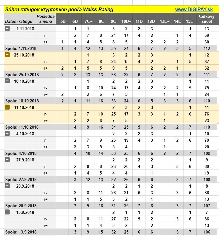 Pozitívne posledné zmeny ratingov k 25.10.2018 sú v tabuľke vyznačené zeleným podfarbením, negatívne zmeny ružovým :
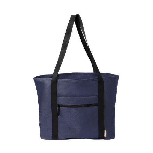 Features: • 100% recycled 600D polyester • Front zippered pocket • Web handles • Exterior woven label that says 100% RECYCLED FABRIC • Dimensions: 13″h x 14″w x 5.5″d; Approx. 1,001 cubic inches
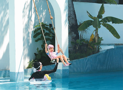 Tourists play in the swimming pool of a B&B hotel in Bohou village. (Xinhua/Liu Yongzhen)
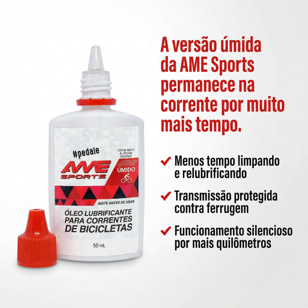 Um lubrificante comum exige reaplicações frequentes e perde eficiência rapidamente em contato com a água. A versão úmida da Ame Sports permanece na corrente por muito mais tempo, mantendo as trocas de marcha suaves e reduzindo o desgaste da relação mesmo em condições severas.
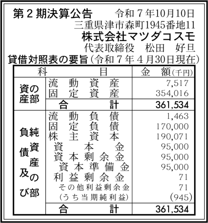 株式会社コスモ 三重県津市 【2021年6月期】 |
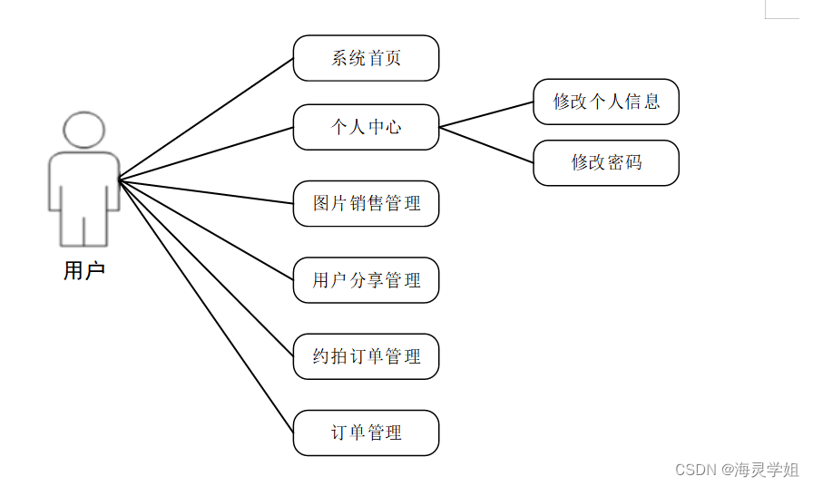 用户用例图根据用户的需求进行分析,包括用户系统首页、个人中心、图片销售管理、用户分享管理、约拍订单管理、订单管理等。用户用例图如下所示:
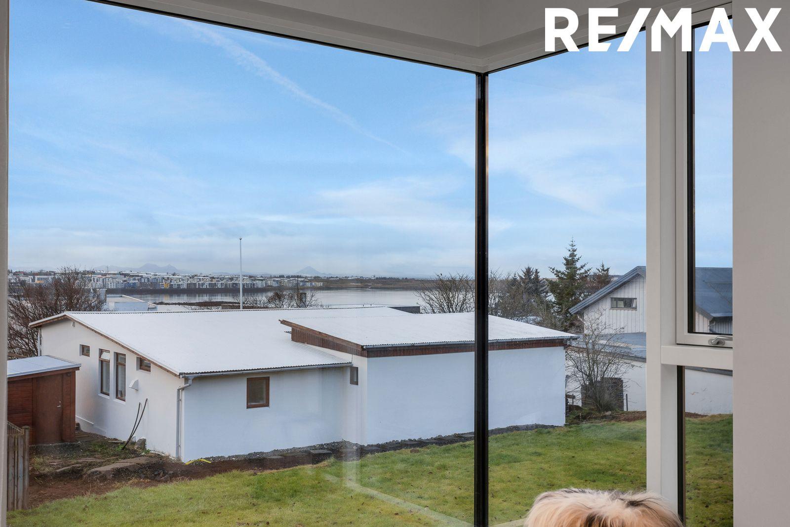 Efri hæð:Stofan og eldhúsið er í opnu alrými. Fallegt útsýni yfir byggð og til sjávar. Gólfsíður gluggi og horngluggi sem gefa eigninni mikinn sjarma (enginn gluggapóstur í horninu).
◇ ◇ ◇
*Exercise*
When copying the listing above, begin at its first line and stop after the line with "Tourists play in", keeping each line exact and dropping the pictures.

*Completed task*
 Pozitívne posledné zmeny ratingov k 25.10.2018 sú v tabuľke vyznačené zeleným podfarbením, negatívne zmeny ružovým :
 Features: • 100% recycled 600D polyester • Front zippered pocket • Web handles • Exterior woven label that says 100% RECYCLED FABRIC • Dimensions: 13″h x 14″w x 5.5″d; Approx. 1,001 cubic inches
 Tourists play in the swimming pool of a B&B hotel in Bohou village. (Xinhua/Liu Yongzhen)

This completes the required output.